### REQUIREMENT
For this exercise, write out the whole listing below exactly, omitting its images.

··· INFORMATION SHOWN ···

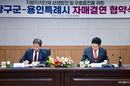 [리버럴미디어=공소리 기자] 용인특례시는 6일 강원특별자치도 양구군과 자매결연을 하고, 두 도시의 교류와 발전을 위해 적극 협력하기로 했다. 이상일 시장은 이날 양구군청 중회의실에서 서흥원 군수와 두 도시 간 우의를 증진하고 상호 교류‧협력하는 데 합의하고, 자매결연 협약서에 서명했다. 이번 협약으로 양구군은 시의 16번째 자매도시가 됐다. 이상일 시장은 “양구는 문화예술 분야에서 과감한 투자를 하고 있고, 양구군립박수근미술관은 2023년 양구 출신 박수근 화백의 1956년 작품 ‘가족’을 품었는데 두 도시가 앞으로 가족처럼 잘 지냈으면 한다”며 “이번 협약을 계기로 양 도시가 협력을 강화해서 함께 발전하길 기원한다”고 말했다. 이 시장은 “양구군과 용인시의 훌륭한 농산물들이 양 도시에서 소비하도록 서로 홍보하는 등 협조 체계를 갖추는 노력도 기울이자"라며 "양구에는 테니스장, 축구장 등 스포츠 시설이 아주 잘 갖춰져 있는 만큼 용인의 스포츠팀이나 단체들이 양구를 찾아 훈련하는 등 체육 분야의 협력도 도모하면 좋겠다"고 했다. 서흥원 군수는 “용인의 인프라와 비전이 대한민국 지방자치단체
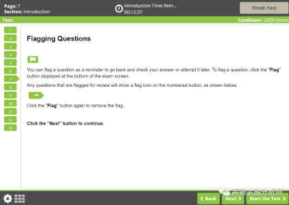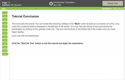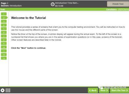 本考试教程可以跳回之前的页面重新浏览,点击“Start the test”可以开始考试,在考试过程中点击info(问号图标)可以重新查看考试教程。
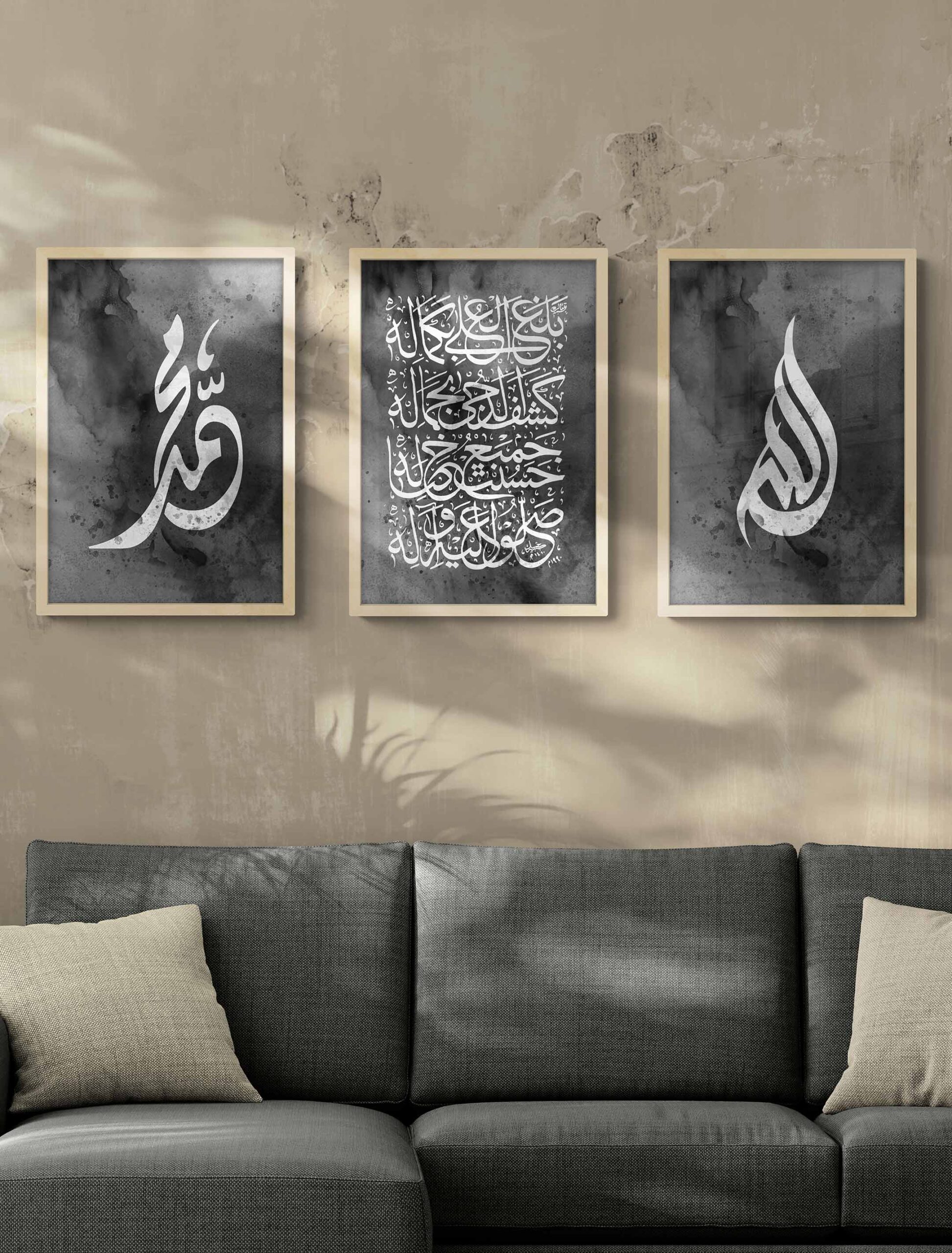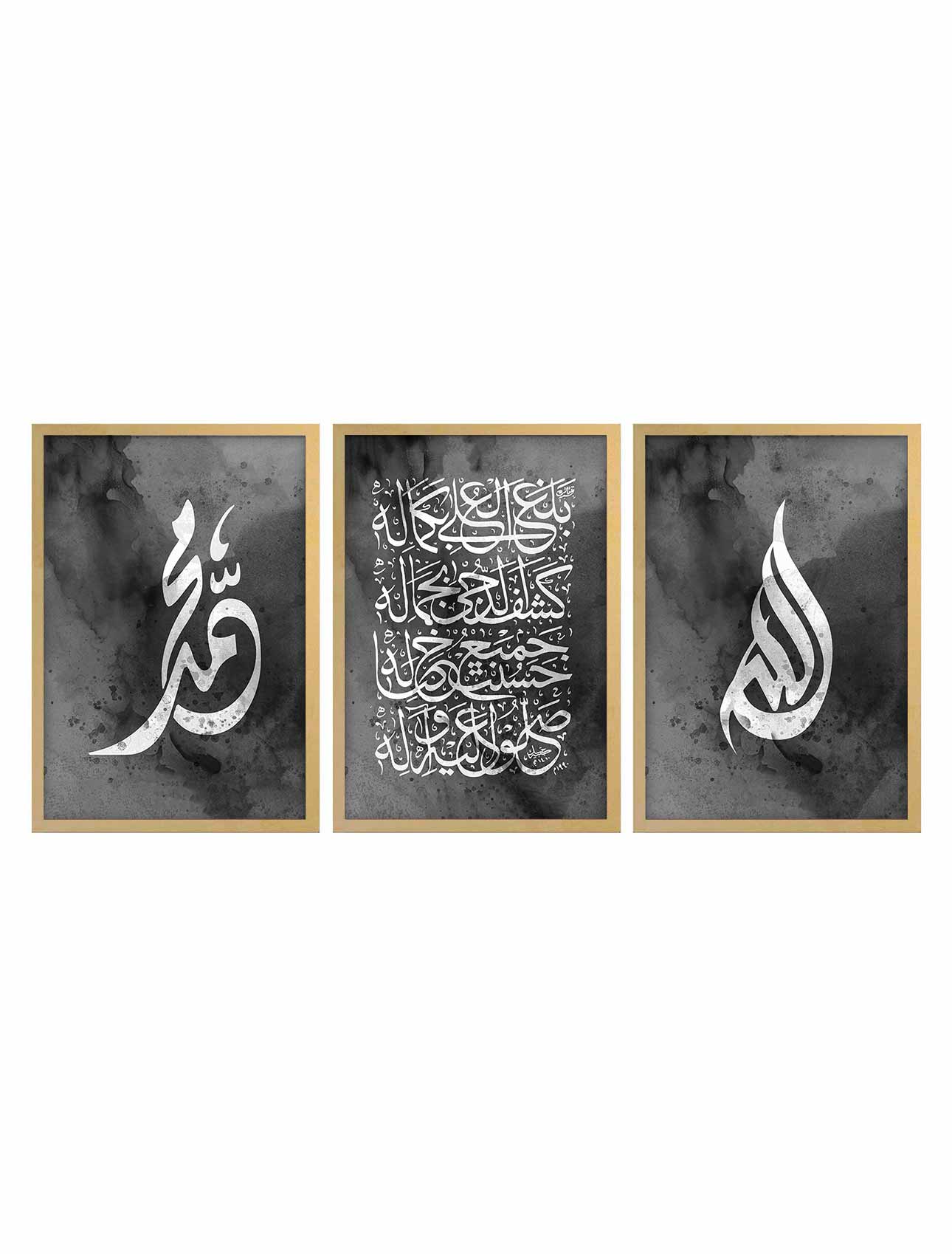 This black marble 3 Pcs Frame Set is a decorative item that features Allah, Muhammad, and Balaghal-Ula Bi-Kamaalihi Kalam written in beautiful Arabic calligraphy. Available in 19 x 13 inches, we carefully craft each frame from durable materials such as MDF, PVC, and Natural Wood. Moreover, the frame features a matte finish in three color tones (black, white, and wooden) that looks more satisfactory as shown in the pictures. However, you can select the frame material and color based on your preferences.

···

### RESPONSE AREA
 [리버럴미디어=공소리 기자] 용인특례시는 6일 강원특별자치도 양구군과 자매결연을 하고, 두 도시의 교류와 발전을 위해 적극 협력하기로 했다. 이상일 시장은 이날 양구군청 중회의실에서 서흥원 군수와 두 도시 간 우의를 증진하고 상호 교류‧협력하는 데 합의하고, 자매결연 협약서에 서명했다. 이번 협약으로 양구군은 시의 16번째 자매도시가 됐다. 이상일 시장은 “양구는 문화예술 분야에서 과감한 투자를 하고 있고, 양구군립박수근미술관은 2023년 양구 출신 박수근 화백의 1956년 작품 ‘가족’을 품었는데 두 도시가 앞으로 가족처럼 잘 지냈으면 한다”며 “이번 협약을 계기로 양 도시가 협력을 강화해서 함께 발전하길 기원한다”고 말했다. 이 시장은 “양구군과 용인시의 훌륭한 농산물들이 양 도시에서 소비하도록 서로 홍보하는 등 협조 체계를 갖추는 노력도 기울이자"라며 "양구에는 테니스장, 축구장 등 스포츠 시설이 아주 잘 갖춰져 있는 만큼 용인의 스포츠팀이나 단체들이 양구를 찾아 훈련하는 등 체육 분야의 협력도 도모하면 좋겠다"고 했다. 서흥원 군수는 “용인의 인프라와 비전이 대한민국 지방자치단체
 本考试教程可以跳回之前的页面重新浏览,点击“Start the test”可以开始考试,在考试过程中点击info(问号图标)可以重新查看考试教程。
 This black marble 3 Pcs Frame Set is a decorative item that features Allah, Muhammad, and Balaghal-Ula Bi-Kamaalihi Kalam written in beautiful Arabic calligraphy. Available in 19 x 13 inches, we carefully craft each frame from durable materials such as MDF, PVC, and Natural Wood. Moreover, the frame features a matte finish in three color tones (black, white, and wooden) that looks more satisfactory as shown in the pictures. However, you can select the frame material and color based on your preferences.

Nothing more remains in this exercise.